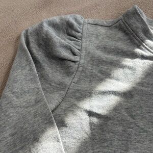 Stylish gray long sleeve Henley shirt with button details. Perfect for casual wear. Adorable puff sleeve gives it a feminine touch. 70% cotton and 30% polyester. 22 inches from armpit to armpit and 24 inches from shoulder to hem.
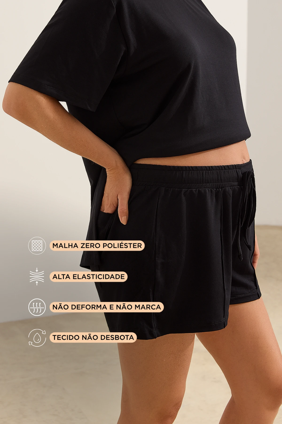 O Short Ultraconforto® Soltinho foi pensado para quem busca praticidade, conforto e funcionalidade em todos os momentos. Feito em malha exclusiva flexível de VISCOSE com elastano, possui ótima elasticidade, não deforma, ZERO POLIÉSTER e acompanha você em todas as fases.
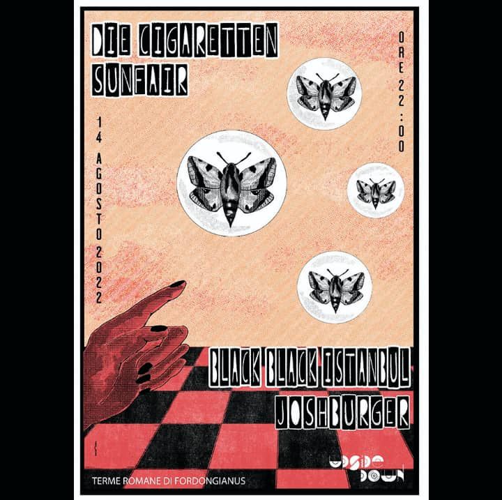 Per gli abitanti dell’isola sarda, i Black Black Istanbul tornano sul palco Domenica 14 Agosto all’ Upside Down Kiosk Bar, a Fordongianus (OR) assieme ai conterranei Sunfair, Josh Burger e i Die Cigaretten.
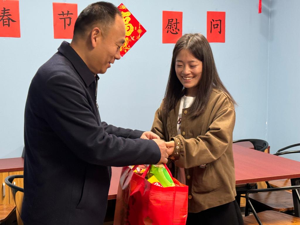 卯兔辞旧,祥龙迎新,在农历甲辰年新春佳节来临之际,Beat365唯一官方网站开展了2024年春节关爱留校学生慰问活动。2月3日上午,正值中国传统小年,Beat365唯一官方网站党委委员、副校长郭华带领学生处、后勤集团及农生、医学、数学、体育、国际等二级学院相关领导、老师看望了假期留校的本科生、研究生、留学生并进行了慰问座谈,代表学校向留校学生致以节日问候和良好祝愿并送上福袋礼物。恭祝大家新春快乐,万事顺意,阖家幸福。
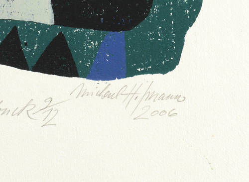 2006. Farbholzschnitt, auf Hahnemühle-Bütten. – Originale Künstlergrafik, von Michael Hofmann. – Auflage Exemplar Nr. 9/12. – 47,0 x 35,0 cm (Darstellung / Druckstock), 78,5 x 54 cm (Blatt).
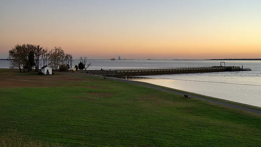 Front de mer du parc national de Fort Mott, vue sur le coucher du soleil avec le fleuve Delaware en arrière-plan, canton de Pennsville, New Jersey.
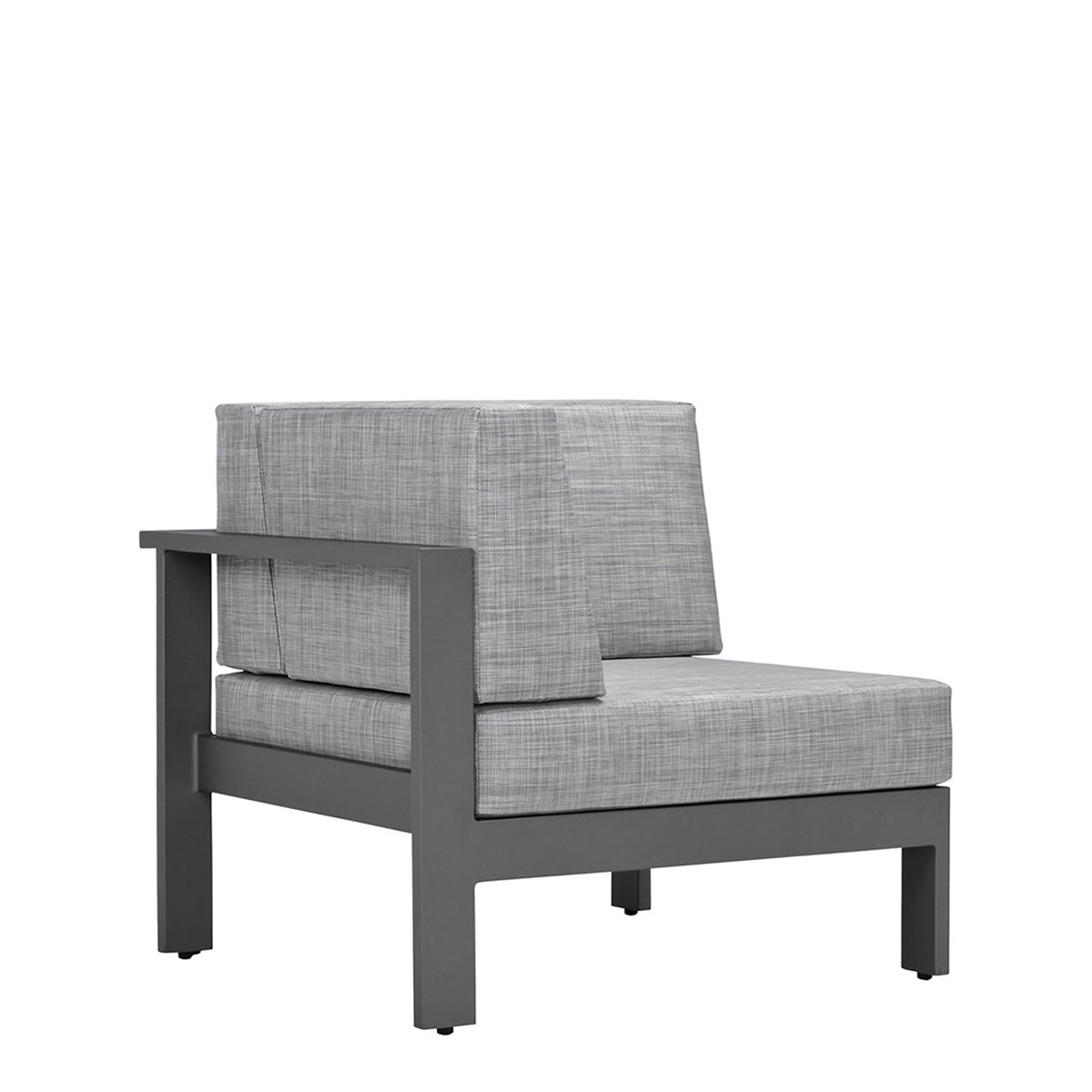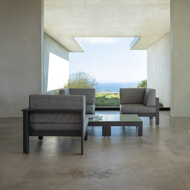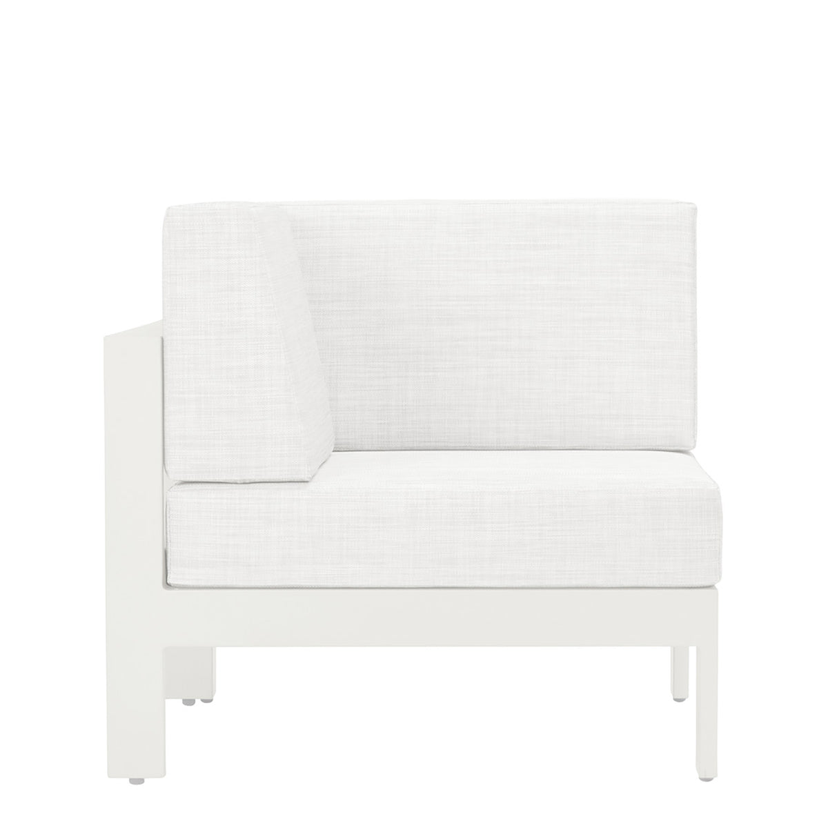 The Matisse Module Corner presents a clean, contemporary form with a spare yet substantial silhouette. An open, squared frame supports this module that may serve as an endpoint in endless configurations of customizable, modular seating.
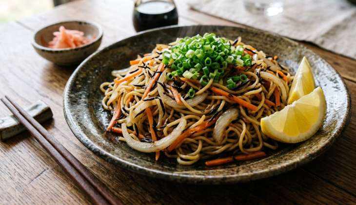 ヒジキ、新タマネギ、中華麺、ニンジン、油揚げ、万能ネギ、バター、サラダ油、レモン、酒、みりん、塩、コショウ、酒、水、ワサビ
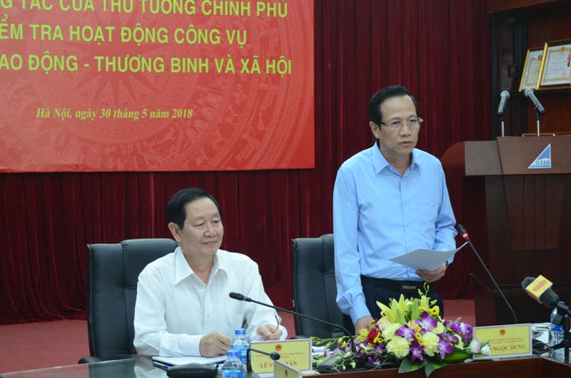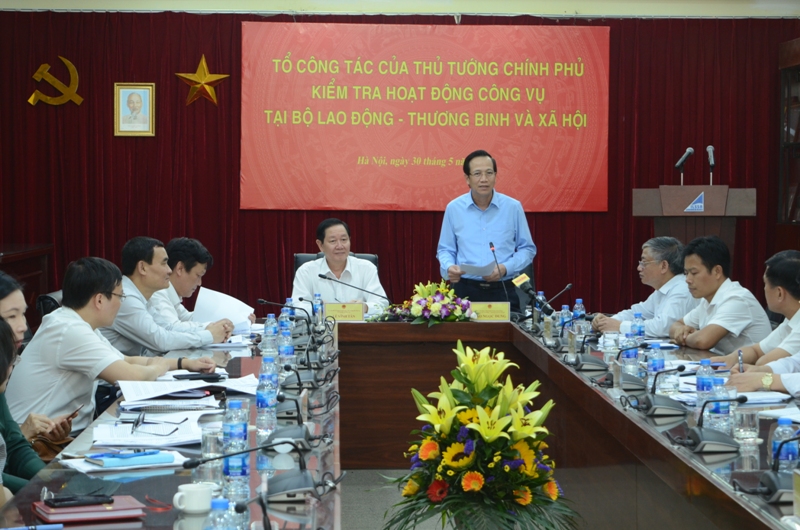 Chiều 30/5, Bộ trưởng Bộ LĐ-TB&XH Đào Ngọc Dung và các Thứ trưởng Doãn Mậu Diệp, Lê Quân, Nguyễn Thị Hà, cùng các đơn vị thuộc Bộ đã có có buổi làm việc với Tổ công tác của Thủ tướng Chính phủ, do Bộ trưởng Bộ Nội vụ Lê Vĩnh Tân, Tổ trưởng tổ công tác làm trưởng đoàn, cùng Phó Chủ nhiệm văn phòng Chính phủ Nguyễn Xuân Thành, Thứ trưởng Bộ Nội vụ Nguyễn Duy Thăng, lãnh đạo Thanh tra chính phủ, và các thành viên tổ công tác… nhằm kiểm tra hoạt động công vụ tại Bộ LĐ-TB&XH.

Exercise instructions — Pictures stay out. Write out everything else in the material exactly.

Completed task —
 Stylish gray long sleeve Henley shirt with button details. Perfect for casual wear. Adorable puff sleeve gives it a feminine touch. 70% cotton and 30% polyester. 22 inches from armpit to armpit and 24 inches from shoulder to hem.
 O Short Ultraconforto® Soltinho foi pensado para quem busca praticidade, conforto e funcionalidade em todos os momentos. Feito em malha exclusiva flexível de VISCOSE com elastano, possui ótima elasticidade, não deforma, ZERO POLIÉSTER e acompanha você em todas as fases.
 Per gli abitanti dell’isola sarda, i Black Black Istanbul tornano sul palco Domenica 14 Agosto all’ Upside Down Kiosk Bar, a Fordongianus (OR) assieme ai conterranei Sunfair, Josh Burger e i Die Cigaretten.
 卯兔辞旧,祥龙迎新,在农历甲辰年新春佳节来临之际,Beat365唯一官方网站开展了2024年春节关爱留校学生慰问活动。2月3日上午,正值中国传统小年,Beat365唯一官方网站党委委员、副校长郭华带领学生处、后勤集团及农生、医学、数学、体育、国际等二级学院相关领导、老师看望了假期留校的本科生、研究生、留学生并进行了慰问座谈,代表学校向留校学生致以节日问候和良好祝愿并送上福袋礼物。恭祝大家新春快乐,万事顺意,阖家幸福。
 2006. Farbholzschnitt, auf Hahnemühle-Bütten. – Originale Künstlergrafik, von Michael Hofmann. – Auflage Exemplar Nr. 9/12. – 47,0 x 35,0 cm (Darstellung / Druckstock), 78,5 x 54 cm (Blatt).
 Front de mer du parc national de Fort Mott, vue sur le coucher du soleil avec le fleuve Delaware en arrière-plan, canton de Pennsville, New Jersey.
 The Matisse Module Corner presents a clean, contemporary form with a spare yet substantial silhouette. An open, squared frame supports this module that may serve as an endpoint in endless configurations of customizable, modular seating.
 ヒジキ、新タマネギ、中華麺、ニンジン、油揚げ、万能ネギ、バター、サラダ油、レモン、酒、みりん、塩、コショウ、酒、水、ワサビ
 Chiều 30/5, Bộ trưởng Bộ LĐ-TB&XH Đào Ngọc Dung và các Thứ trưởng Doãn Mậu Diệp, Lê Quân, Nguyễn Thị Hà, cùng các đơn vị thuộc Bộ đã có có buổi làm việc với Tổ công tác của Thủ tướng Chính phủ, do Bộ trưởng Bộ Nội vụ Lê Vĩnh Tân, Tổ trưởng tổ công tác làm trưởng đoàn, cùng Phó Chủ nhiệm văn phòng Chính phủ Nguyễn Xuân Thành, Thứ trưởng Bộ Nội vụ Nguyễn Duy Thăng, lãnh đạo Thanh tra chính phủ, và các thành viên tổ công tác… nhằm kiểm tra hoạt động công vụ tại Bộ LĐ-TB&XH.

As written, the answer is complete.